> What needs to be done:
The response consists of the lines from the start of the material below through the line holding "學(xué)生們在紀(jì)念碑前為烈士們獻(xiàn)上鮮花", repeated word for word and without pictures.

────────────────

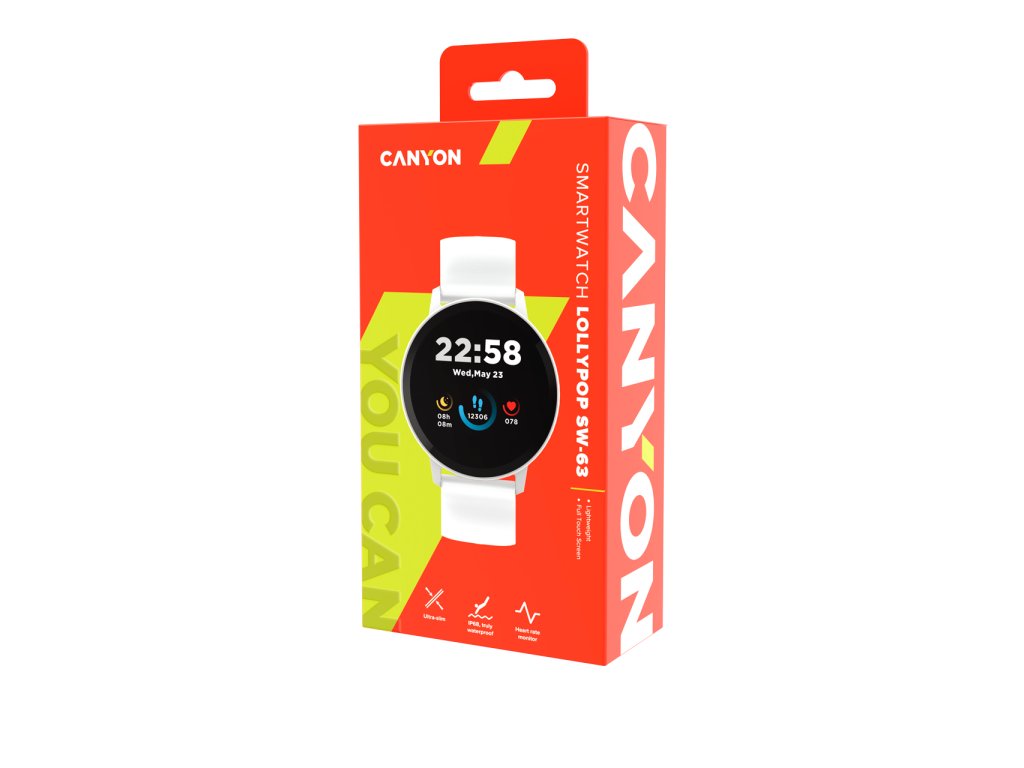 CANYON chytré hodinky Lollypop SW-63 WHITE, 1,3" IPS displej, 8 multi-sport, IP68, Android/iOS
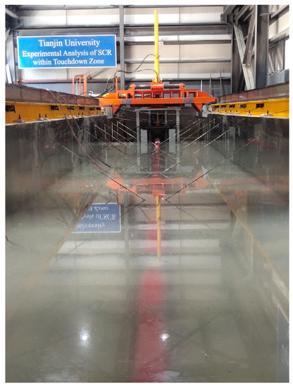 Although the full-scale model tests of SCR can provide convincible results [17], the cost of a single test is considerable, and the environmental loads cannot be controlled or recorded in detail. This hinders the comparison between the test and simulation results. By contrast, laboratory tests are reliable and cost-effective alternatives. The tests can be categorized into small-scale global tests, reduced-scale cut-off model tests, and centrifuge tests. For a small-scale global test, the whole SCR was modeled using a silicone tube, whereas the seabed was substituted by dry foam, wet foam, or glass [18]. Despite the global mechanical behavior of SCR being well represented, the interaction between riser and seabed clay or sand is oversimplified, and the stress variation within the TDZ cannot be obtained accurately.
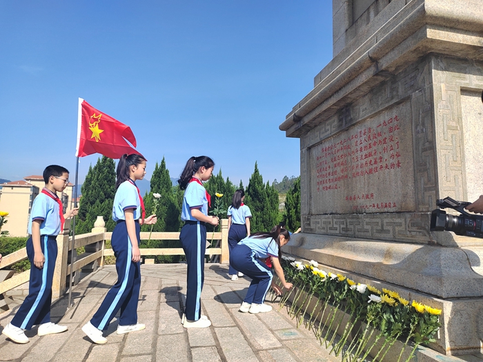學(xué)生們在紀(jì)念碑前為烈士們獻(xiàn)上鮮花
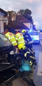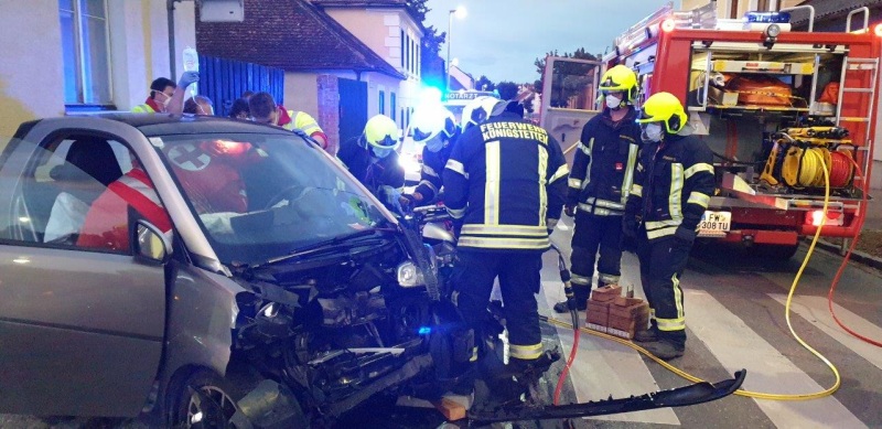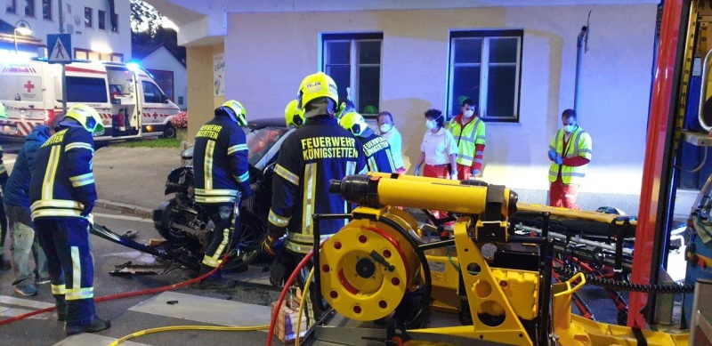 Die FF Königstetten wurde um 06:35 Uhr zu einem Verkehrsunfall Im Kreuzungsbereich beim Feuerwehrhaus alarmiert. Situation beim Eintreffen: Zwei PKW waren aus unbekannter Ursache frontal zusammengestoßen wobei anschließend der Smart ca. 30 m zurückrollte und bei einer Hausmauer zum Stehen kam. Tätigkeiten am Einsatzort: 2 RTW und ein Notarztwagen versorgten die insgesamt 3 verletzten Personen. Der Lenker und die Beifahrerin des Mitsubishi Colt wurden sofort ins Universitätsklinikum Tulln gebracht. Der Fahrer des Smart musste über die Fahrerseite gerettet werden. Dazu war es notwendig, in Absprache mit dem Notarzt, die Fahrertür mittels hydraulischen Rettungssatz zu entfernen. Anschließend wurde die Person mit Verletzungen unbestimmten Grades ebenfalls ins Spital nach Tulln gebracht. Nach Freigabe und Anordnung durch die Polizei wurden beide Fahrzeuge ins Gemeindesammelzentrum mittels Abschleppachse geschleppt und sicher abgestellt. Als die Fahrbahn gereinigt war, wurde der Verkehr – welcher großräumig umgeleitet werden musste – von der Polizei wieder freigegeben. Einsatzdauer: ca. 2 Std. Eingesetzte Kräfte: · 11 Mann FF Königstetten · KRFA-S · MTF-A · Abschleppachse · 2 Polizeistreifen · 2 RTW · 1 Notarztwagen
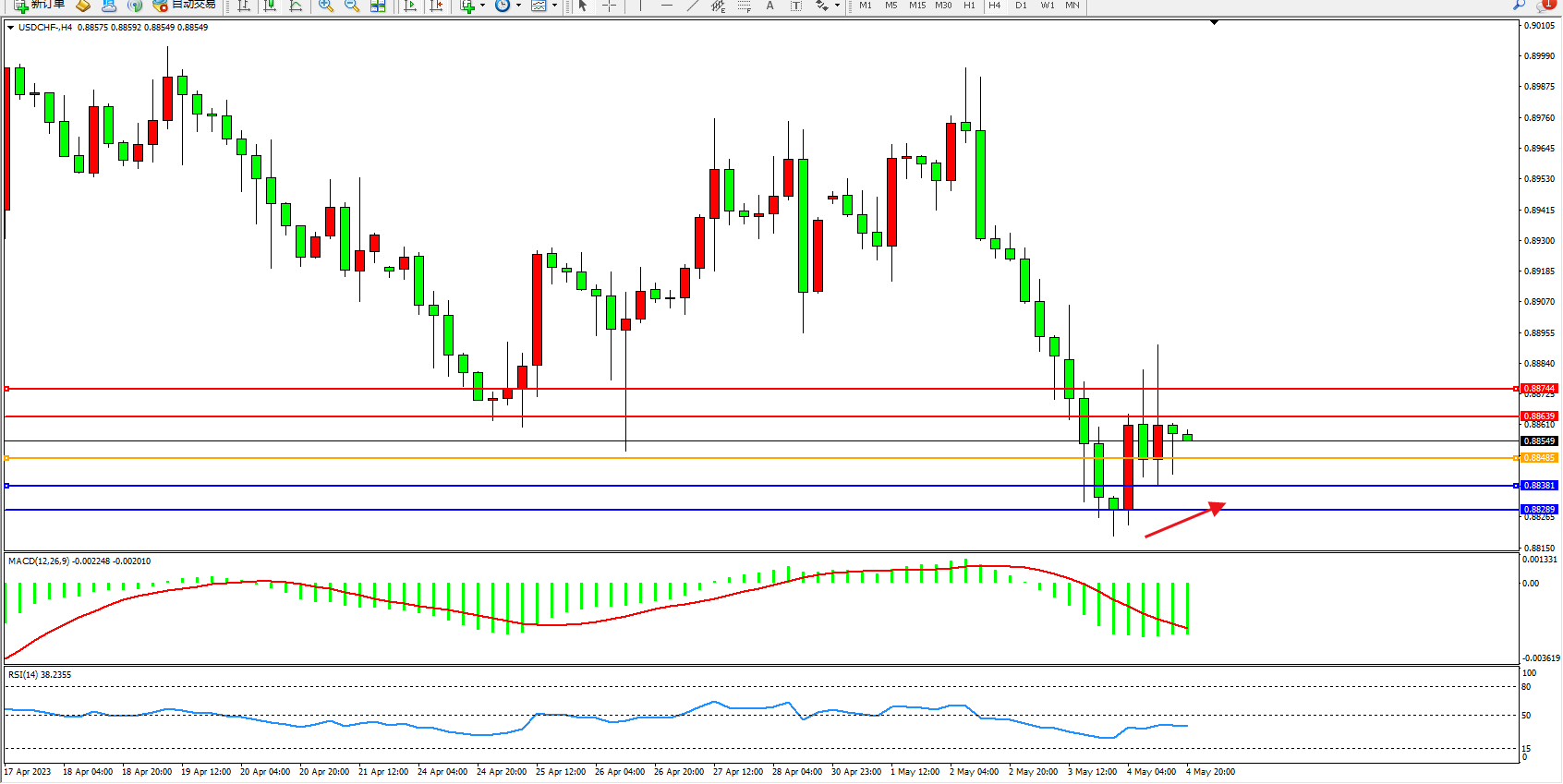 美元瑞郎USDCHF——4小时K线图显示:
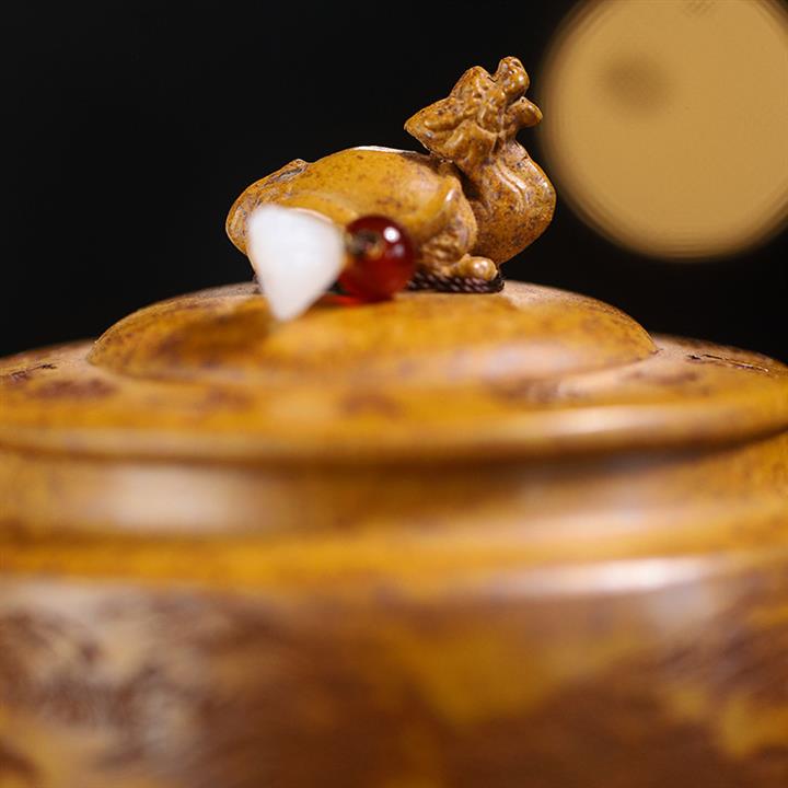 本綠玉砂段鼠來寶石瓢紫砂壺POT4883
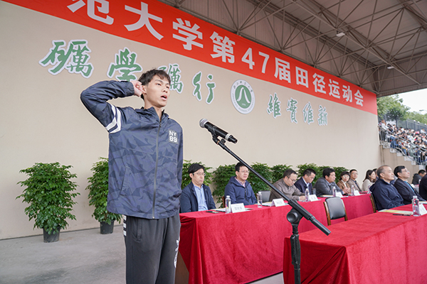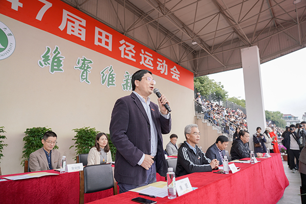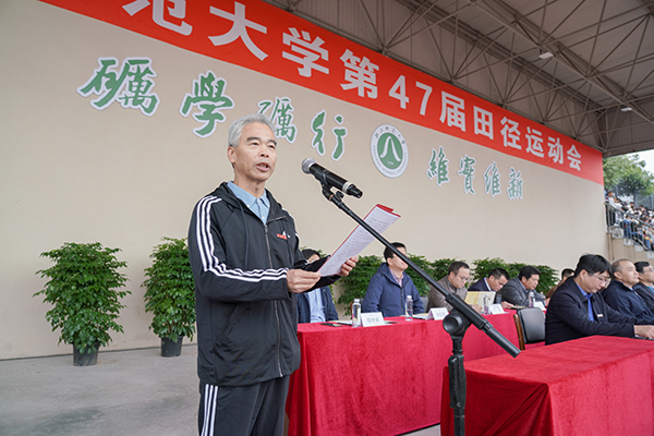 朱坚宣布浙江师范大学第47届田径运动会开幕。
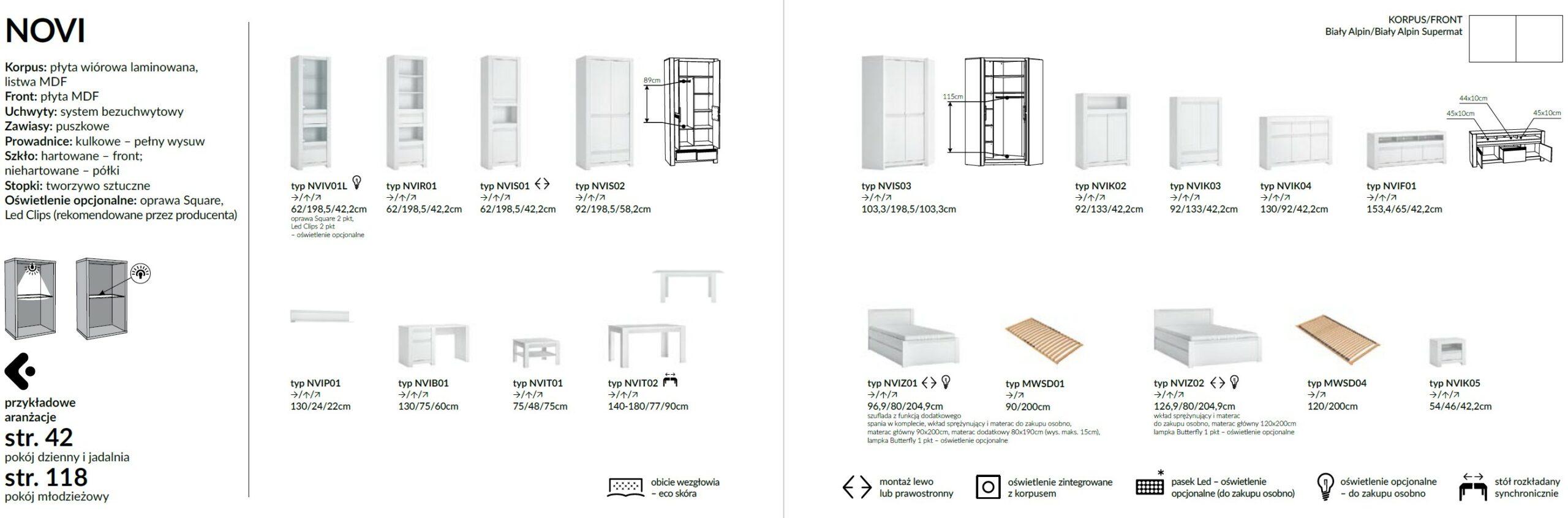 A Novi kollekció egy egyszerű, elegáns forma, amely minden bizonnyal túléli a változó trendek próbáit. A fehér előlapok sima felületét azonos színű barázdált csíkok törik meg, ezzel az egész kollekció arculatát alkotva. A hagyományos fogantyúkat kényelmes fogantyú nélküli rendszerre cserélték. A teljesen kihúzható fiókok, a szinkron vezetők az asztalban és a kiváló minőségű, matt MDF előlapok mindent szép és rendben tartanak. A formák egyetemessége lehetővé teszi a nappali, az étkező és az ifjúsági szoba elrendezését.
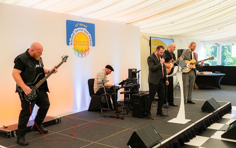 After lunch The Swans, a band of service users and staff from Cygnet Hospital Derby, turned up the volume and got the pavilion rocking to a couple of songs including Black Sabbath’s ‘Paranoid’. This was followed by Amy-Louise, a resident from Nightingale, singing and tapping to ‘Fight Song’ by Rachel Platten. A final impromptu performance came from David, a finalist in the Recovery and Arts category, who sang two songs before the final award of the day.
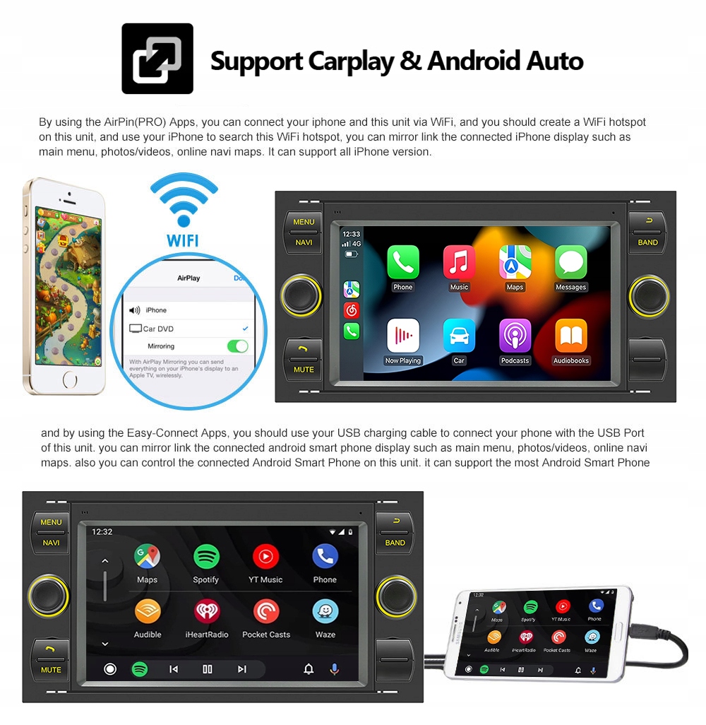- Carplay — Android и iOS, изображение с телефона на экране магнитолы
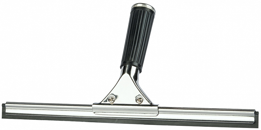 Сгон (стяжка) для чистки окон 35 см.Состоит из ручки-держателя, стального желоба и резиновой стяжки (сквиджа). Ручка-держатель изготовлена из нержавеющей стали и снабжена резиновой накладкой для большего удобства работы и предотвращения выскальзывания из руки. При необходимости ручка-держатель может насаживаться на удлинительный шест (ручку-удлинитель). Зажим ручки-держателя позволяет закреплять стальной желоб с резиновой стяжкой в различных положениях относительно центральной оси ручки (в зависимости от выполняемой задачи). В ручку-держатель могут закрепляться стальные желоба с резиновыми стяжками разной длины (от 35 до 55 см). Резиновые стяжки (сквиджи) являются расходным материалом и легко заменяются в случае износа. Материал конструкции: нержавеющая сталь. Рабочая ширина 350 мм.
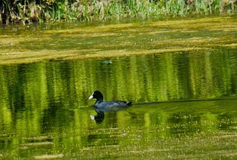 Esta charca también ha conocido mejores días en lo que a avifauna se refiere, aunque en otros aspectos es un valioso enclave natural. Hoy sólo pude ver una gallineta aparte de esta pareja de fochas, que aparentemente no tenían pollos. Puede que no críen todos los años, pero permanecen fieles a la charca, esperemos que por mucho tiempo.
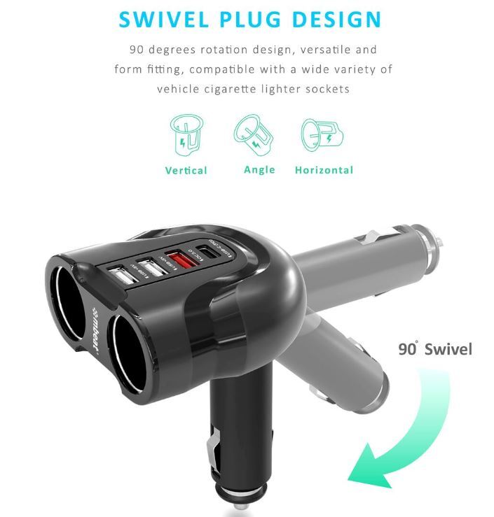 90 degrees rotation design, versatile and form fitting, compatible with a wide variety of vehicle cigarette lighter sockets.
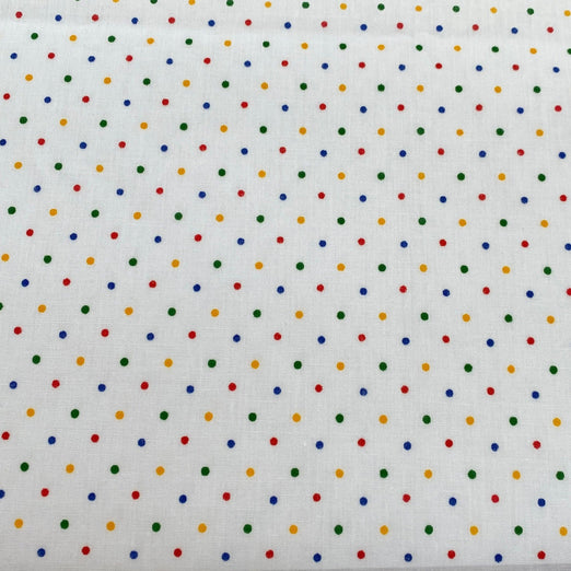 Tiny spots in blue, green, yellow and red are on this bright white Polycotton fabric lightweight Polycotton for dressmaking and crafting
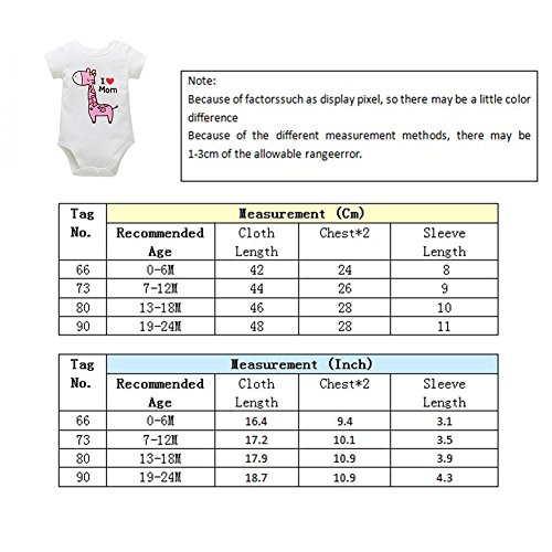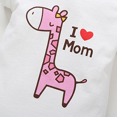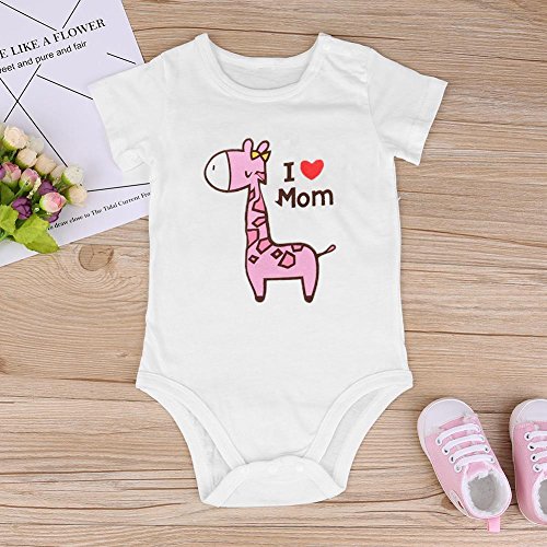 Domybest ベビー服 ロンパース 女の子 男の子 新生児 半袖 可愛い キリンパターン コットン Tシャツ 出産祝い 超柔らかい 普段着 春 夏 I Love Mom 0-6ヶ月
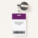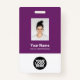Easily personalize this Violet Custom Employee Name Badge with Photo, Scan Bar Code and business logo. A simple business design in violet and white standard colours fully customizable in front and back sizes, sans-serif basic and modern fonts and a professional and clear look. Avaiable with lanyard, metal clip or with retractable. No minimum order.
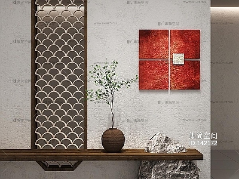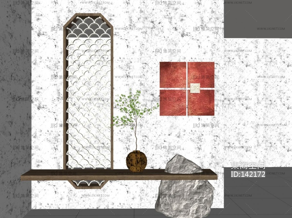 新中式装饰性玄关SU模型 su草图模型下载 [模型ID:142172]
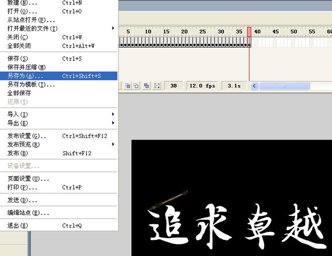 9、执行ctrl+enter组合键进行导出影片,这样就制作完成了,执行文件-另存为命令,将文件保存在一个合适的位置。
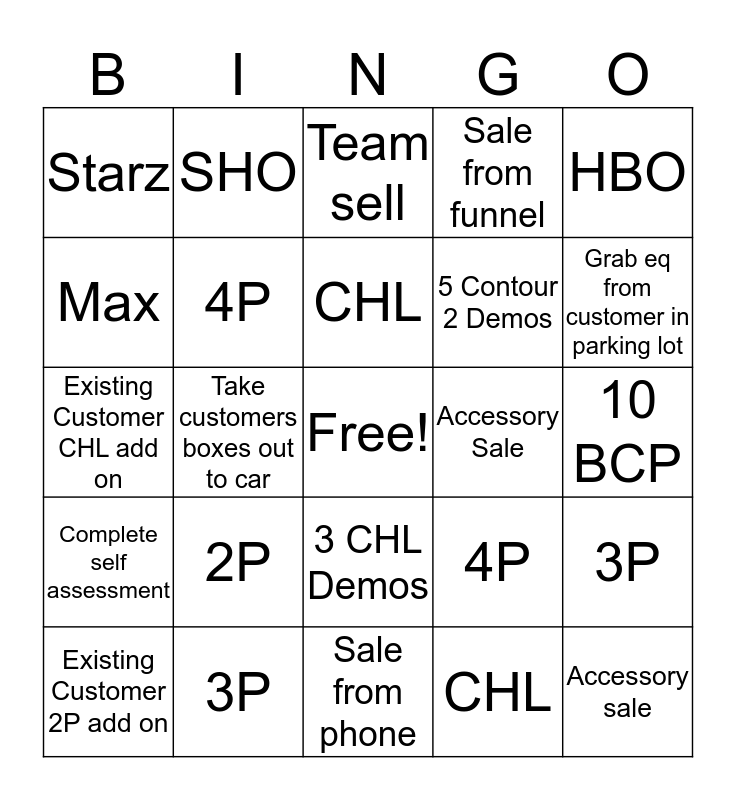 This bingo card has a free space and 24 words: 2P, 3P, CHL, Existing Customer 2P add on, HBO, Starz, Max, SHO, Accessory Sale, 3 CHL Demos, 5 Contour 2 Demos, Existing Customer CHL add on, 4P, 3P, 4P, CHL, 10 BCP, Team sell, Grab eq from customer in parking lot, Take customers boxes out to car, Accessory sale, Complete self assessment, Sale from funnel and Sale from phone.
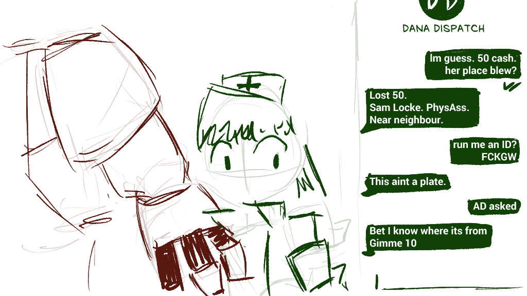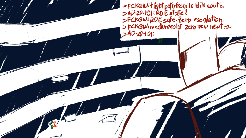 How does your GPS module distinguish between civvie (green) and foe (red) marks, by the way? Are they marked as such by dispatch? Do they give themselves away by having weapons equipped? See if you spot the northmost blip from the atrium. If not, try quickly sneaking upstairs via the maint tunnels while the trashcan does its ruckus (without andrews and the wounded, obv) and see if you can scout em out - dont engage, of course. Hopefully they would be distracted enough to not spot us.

────────────────

> Expected answer:
 CANYON chytré hodinky Lollypop SW-63 WHITE, 1,3" IPS displej, 8 multi-sport, IP68, Android/iOS
 Although the full-scale model tests of SCR can provide convincible results [17], the cost of a single test is considerable, and the environmental loads cannot be controlled or recorded in detail. This hinders the comparison between the test and simulation results. By contrast, laboratory tests are reliable and cost-effective alternatives. The tests can be categorized into small-scale global tests, reduced-scale cut-off model tests, and centrifuge tests. For a small-scale global test, the whole SCR was modeled using a silicone tube, whereas the seabed was substituted by dry foam, wet foam, or glass [18]. Despite the global mechanical behavior of SCR being well represented, the interaction between riser and seabed clay or sand is oversimplified, and the stress variation within the TDZ cannot be obtained accurately.
學(xué)生們在紀(jì)念碑前為烈士們獻(xiàn)上鮮花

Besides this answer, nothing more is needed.